▸ **Exercise instructions**: Using the listing below, output only the lines from the one that contains "ヒーロー風カッコイイあだ名 | 『最強戦士クツモコ』『仮面クツダー』 |" through the one that contains "Current Equations The", inclusive, exactly as given and without images.

▸ **Supplied data**:
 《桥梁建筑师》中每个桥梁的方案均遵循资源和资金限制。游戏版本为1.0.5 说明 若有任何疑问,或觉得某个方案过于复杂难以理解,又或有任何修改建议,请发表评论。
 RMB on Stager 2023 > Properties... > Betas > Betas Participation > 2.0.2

* * *

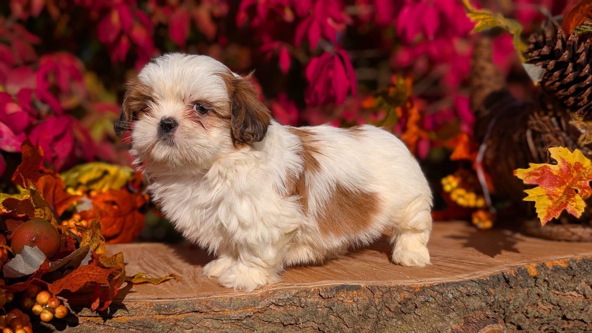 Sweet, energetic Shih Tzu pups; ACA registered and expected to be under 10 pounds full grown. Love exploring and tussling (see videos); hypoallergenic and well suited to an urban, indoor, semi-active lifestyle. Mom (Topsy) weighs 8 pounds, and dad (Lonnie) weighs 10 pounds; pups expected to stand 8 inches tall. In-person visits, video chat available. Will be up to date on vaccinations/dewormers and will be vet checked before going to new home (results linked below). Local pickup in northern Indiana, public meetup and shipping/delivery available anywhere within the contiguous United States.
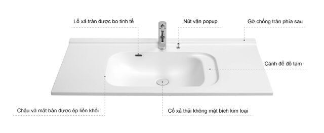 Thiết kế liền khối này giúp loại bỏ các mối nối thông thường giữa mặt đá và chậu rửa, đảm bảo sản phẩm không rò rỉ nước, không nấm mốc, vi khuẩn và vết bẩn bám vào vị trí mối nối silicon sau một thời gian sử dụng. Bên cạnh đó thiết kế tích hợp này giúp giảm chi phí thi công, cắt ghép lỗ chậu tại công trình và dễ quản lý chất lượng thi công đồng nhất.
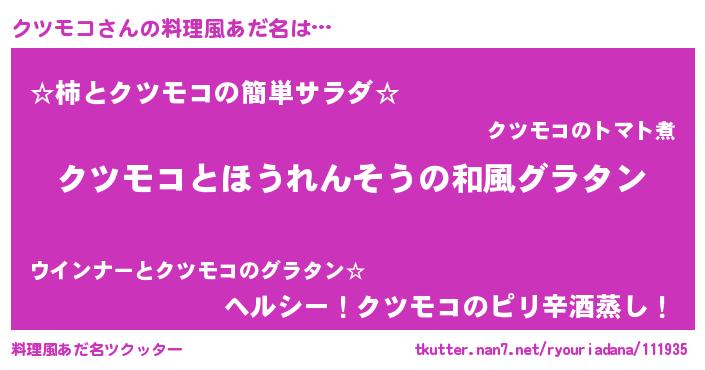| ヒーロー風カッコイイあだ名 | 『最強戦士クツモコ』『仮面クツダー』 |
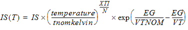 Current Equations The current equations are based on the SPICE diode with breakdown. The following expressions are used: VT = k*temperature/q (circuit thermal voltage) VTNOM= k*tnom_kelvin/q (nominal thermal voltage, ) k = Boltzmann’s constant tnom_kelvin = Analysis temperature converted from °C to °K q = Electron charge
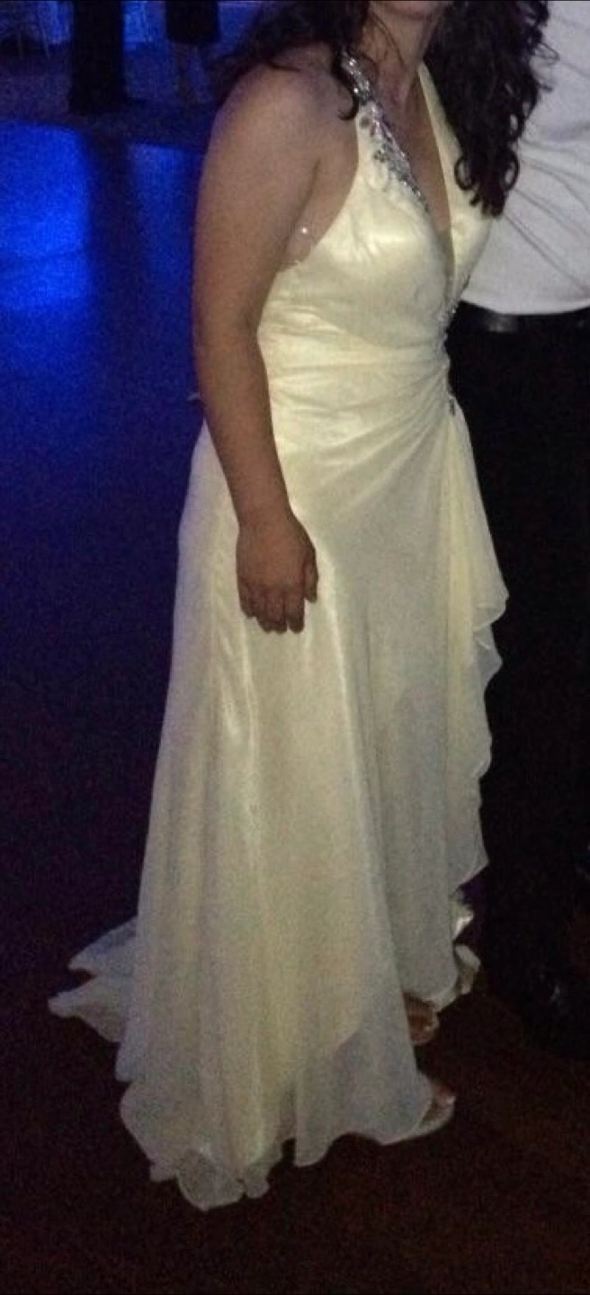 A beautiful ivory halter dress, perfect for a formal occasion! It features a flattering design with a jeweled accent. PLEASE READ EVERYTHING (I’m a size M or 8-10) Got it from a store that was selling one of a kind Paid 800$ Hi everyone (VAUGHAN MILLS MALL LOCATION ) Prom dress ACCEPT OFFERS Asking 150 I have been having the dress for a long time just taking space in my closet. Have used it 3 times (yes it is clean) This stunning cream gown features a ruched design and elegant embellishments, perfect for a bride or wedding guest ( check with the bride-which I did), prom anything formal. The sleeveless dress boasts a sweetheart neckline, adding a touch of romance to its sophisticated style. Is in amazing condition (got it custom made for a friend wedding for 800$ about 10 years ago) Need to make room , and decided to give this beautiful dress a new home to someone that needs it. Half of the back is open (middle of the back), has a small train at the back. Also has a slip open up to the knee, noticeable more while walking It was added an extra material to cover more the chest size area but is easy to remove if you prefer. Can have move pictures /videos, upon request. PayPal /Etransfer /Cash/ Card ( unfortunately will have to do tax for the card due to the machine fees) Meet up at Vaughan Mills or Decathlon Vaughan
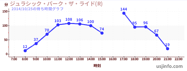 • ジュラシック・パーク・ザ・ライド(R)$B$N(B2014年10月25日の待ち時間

==

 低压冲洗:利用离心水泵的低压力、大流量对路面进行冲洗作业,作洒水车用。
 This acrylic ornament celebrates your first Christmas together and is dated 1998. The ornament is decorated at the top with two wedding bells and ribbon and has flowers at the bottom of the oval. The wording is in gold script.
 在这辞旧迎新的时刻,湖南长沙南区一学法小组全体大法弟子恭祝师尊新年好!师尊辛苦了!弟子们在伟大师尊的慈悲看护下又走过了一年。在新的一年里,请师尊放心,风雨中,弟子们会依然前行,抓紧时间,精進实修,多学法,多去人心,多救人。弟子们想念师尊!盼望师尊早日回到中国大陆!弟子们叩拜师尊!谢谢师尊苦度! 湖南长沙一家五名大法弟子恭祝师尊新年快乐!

▸ **Written response**:
| ヒーロー風カッコイイあだ名 | 『最強戦士クツモコ』『仮面クツダー』 |
 Current Equations The current equations are based on the SPICE diode with breakdown. The following expressions are used: VT = k*temperature/q (circuit thermal voltage) VTNOM= k*tnom_kelvin/q (nominal thermal voltage, ) k = Boltzmann’s constant tnom_kelvin = Analysis temperature converted from °C to °K q = Electron charge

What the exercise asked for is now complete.